Hello. When I try to use iter(dataloader) to define an iterator on my dataloader, it is very slow to define. Can anyone give some suggestions? Here is my code:
dataset_train = CellDataset(data_frame=train) # train is a large pandas dataframe already in memory
dataloader_train = DataLoader(dataset_train, batch_size=batchsize, shuffle=True, num_workers=48)
dataiter = iter(dataloader_train) # this line very slow, about 30s
data = next(dataiter) # this line is normal
My case is a little special since my data is not image files in ssd, but a large pandas dataframe in the memory (about 8GB). Also I use large number of workers. If I reduce the number of workers, say 8, then the dataiter = iter(dataloader_train) is faster but the data = next(dataiter) is slower. When I try regular image data in ssd, then everything is normal.
Each worker will create a copy of the Dataset, so if you preload the data, your memory usage should increase a lot, especially if you are using 48 workers.
I’m wondering, why a single worker seems to be slow, since you are only slicing in-memory data.
Could you try to use torch.from_numpy(self.data_frame.iloc[idx].values).float() in your __getitem__ and profile the code again?
Thanks for your response. I use a machine with 48 threads and 256G RAM so I preload the data and set worker=48.

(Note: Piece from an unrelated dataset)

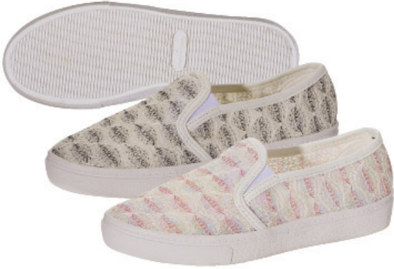
시스루 캐주얼 / 211400149 • 211400150

망사 재질의 레이스 느낌이 나는 갑피 소재로 여성스러우면서도 시원하게 신을 수 있는 착급 2cm에 1cm 스펀지 인솔로 편안하게 신을 수 있는 슬립온

I try your code and get similar result. It seems that worker=0 does not feed gpu enough, lower than 30%. If I use 48 workers, the feed speed is very fast, but the initialization of the iterator is slow. For example, if I use
for i, d in enumerate(dataloader_train):
print(i, d.shape)
on 48 workers, it will take about 30s before print anyting. After that it is very fast since 48 workers start to work. If I use 0 workers, then there is almost no initialization time but print part is slow.
I guess the multiprocessing under the dataloader is not suitable on preloaded very large dataset?
@xnnba@ptrblck i, I am having the same issue: iter(dataloader_train) is very slow. Even using an hdf5 dataset. This issue replicates during training, thus, my GPU usage % is ultra low, ~1%.
How do you store the data (local SSD, network drive, etc.)?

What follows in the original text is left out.